- Provided material
* * *
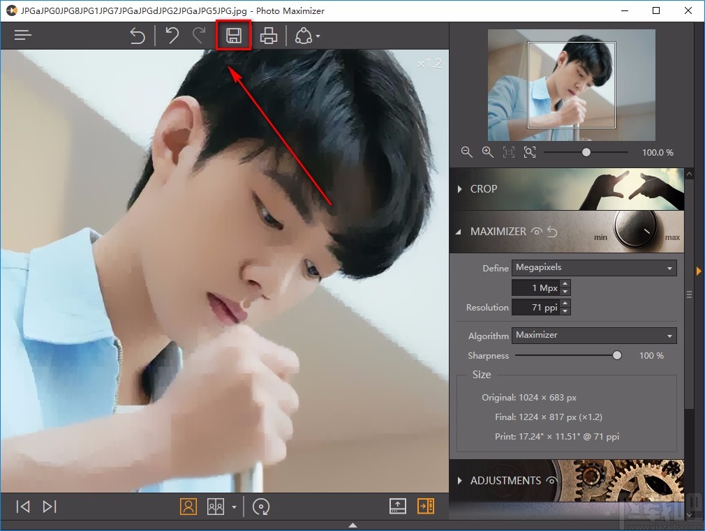 9.完成以上所有步骤后,我们在界面上方找到保存按钮,点击该按钮就可以将放大后的图片保存在电脑中了。
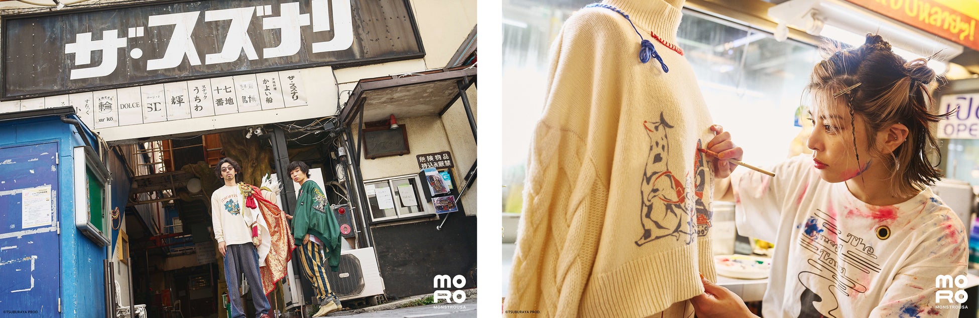 ビジュアル撮影には俳優の柄本時生さん、女優の さとうほなみ さん、アーティストのSHISHUMANIAさんを起用。MONSTROUSAデザイナーの岩男海史も撮影に参加し、このブランドでしか味わえないストリートエモーショナルな世界観を完成させました。
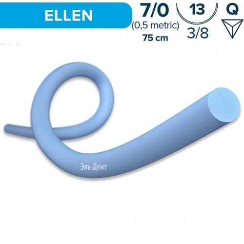 Материал хирургический шовный нерассасывающийся стерильный "ELLEN", 7-0 (0.5), 75 см, игла 13 мм, 3/8, обратно-режущая, голубая, ELEMAAR.
* * *
- Task details
Everything in the listing should be repeated exactly except the pictures.

- Output of the exercise
 9.完成以上所有步骤后,我们在界面上方找到保存按钮,点击该按钮就可以将放大后的图片保存在电脑中了。
 ビジュアル撮影には俳優の柄本時生さん、女優の さとうほなみ さん、アーティストのSHISHUMANIAさんを起用。MONSTROUSAデザイナーの岩男海史も撮影に参加し、このブランドでしか味わえないストリートエモーショナルな世界観を完成させました。
 Материал хирургический шовный нерассасывающийся стерильный "ELLEN", 7-0 (0.5), 75 см, игла 13 мм, 3/8, обратно-режущая, голубая, ELEMAAR.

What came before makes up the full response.